Sensor fusion has the potential to overcome these limitations of individual sensors. In particular, the combination of radar and camera sensors arguably offers the most complementary features. The main challenge is how to associate radar and camera features given that conventional radars provide data on the bird’s eye view (BEV) plane, whereas cameras provide data on the image plane. Projecting radar points to the image discards too much geometric information, whereas projecting camera features to the sparse radar points discards too much semantic information [5].

Recent advancements in camera-only networks using view transformers [6], [7] have enabled a new type of fusion on the BEV plane, which is well suited for radar data. In this paper, we propose RC-BEVFusion, a novel radar-camera fusion architecture on the BEV plane inspired by [5] and illustrated in Figure 1. In contrast to previous radar-camera fusion techniques [8][10], our architecture allows radar and camera features to equally contribute to the final detections, enabling the network to detect obstacles that may be missed by one of the modalities. It is a flexible architecture that inherits several elements from an exchangable camera-only baseline: a camera encoder, a camera-to-BEV view transformer, a BEV encoder and a detection head. On top of these modules, we propose two radar encoder branches: RadarGridMap and BEVFeatureNet. Our results show that they can be used as a plug-in module in various camera-based architectures and significantly enhance their performance.

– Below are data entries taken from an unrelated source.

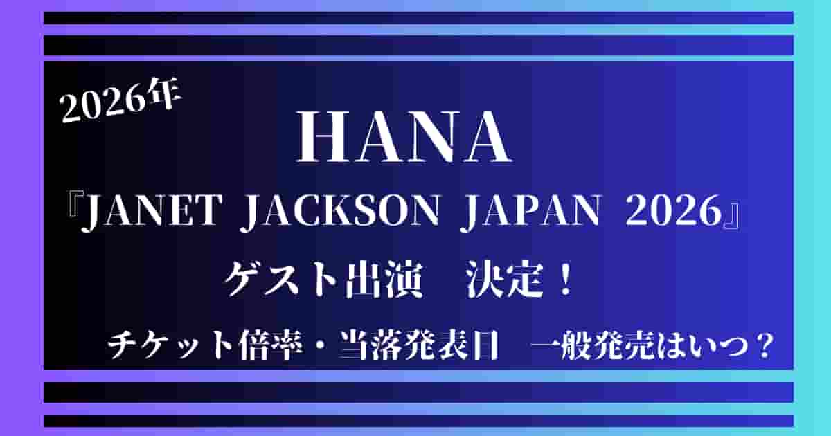 ジャネットジャクソンさんの日本ツアー『JANET JACKSON JAPAN 2026』のチケット当選確率は36,1倍~240,4倍になり、こちらにHANAさんのチケット当選確率の75,2倍~240,4倍になります。
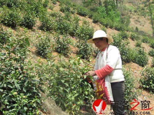 4月19日,記者到丹鳳縣武關(guān)鎮(zhèn)毛坪村采訪。在一個(gè)小岔溝里,記者看到,從溝底到山頂滿山坡都是一行行、一片片的茶樹,墨綠色的茶樹葉,油亮亮的,在陽(yáng)光下更加顯得青翠欲滴。特別是那些茶樹枝條尖上新生長(zhǎng)的嫩葉綠得能掐出油來。村里人正在忙著采摘茶葉,一打聽,正是記者要采訪的種茶大戶張明根夫婦。
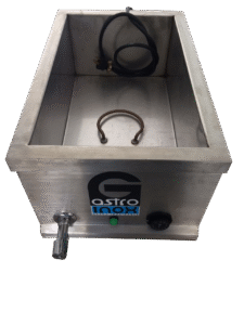 El baño maría industrial es un equipo diseñado para mantener alimentos calientes a temperatura constante sin alterar su textura ni sabor. Funciona mediante un sistema de calentamiento indirecto con agua, ideal para sopas, salsas, arroces y guarniciones. Fabricado en acero inoxidable, es resistente, higiénico y fácil de limpiar. Incluye recipientes gastronorm, control de temperatura y grifo de desagüe para mayor practicidad. Es esencial en buffets, restaurantes, hoteles y servicios de catering que requieren conservación segura y profesional de alimentos calientes.
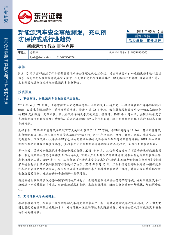 【东兴证券】【20190515】新能源汽车行业事件点评:新能源汽车安全事故频发,充电预防保护或成行业趋势-4页
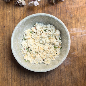 Till the potatoes are cooling down, prepare the stuffing for which take paneer, khoya, cashews, almonds, raisins, onion, green chilli, salt and coriander leaves. Give them a good mix.
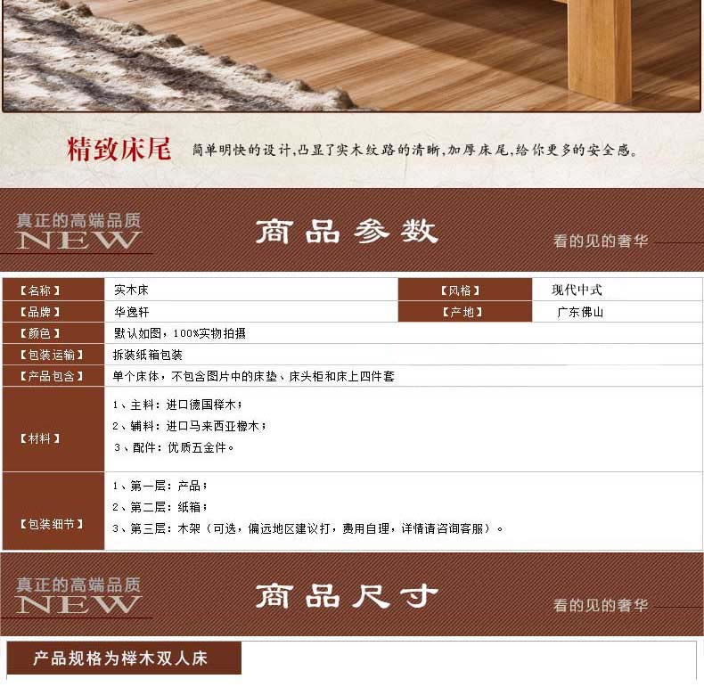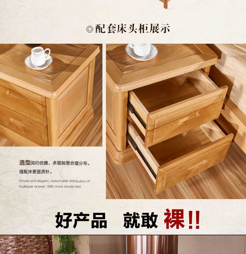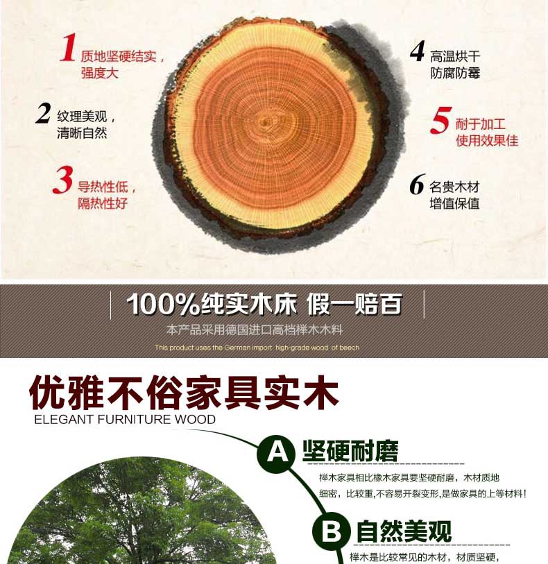 选用材料100%绿色环保,健康无忧环保零甲醛,产品均通过国家质检认证。全进口实木,厚重结实,不贴皮。朴实简洁不华丽,没有繁多琐碎的花式设计,满屋温和的原木色家居,打造一个时尚完美的家。

To train and evaluate our network, we need a large-scale automotive dataset with radar point clouds, unmasked camera images with a lot of variety in the scenes and 3D object annotations. A recent overview on radar datasets is given in [2]. First, there are datasets with conventional 2+1D radar sensors that provide a list of detections with measurements of the range, range rate, azimuth angle, and radar cross section (RCS). Out of these, the nuScenes dataset [11] is the only one that fulfils our requirements. Second, there are recent datasets with high-performance 3+1D radar sensors that provide denser point clouds and additionally measure the elevation angle. From this group, the Astyx [12] dataset is too small, while the View-of-Delft [13] dataset is medium-sized but has limited visual variety in the images due to the high annotation frequency. The recently presented TJ4DRadSet [14] may be a future option but the data is not fully released yet. In this work, we therefore choose to conduct our experiments with the nuScenes dataset [11].

The remaining paper is organized as follows. Section 2 provides an overview of related work on automotive object detection with camera-only, radar-only and radar-camera fusion. Section 3 describes the proposed radar-camera fusion architecture on the BEV plane. Section 4 presents extensive experimental results on the nuScenes dataset and demonstrates the effectiveness of the proposed architecture. Finally, Section 5 concludes the paper and outlines future work.

2 Related work↩︎

The task of 3D object detection is mostly conducted with the help of cameras, LiDARs and, less frequently, radars. In the following, we give an overview of recent advances on image-only and radar-only object detection, as well as LiDAR-camera and radar-camera sensor fusion.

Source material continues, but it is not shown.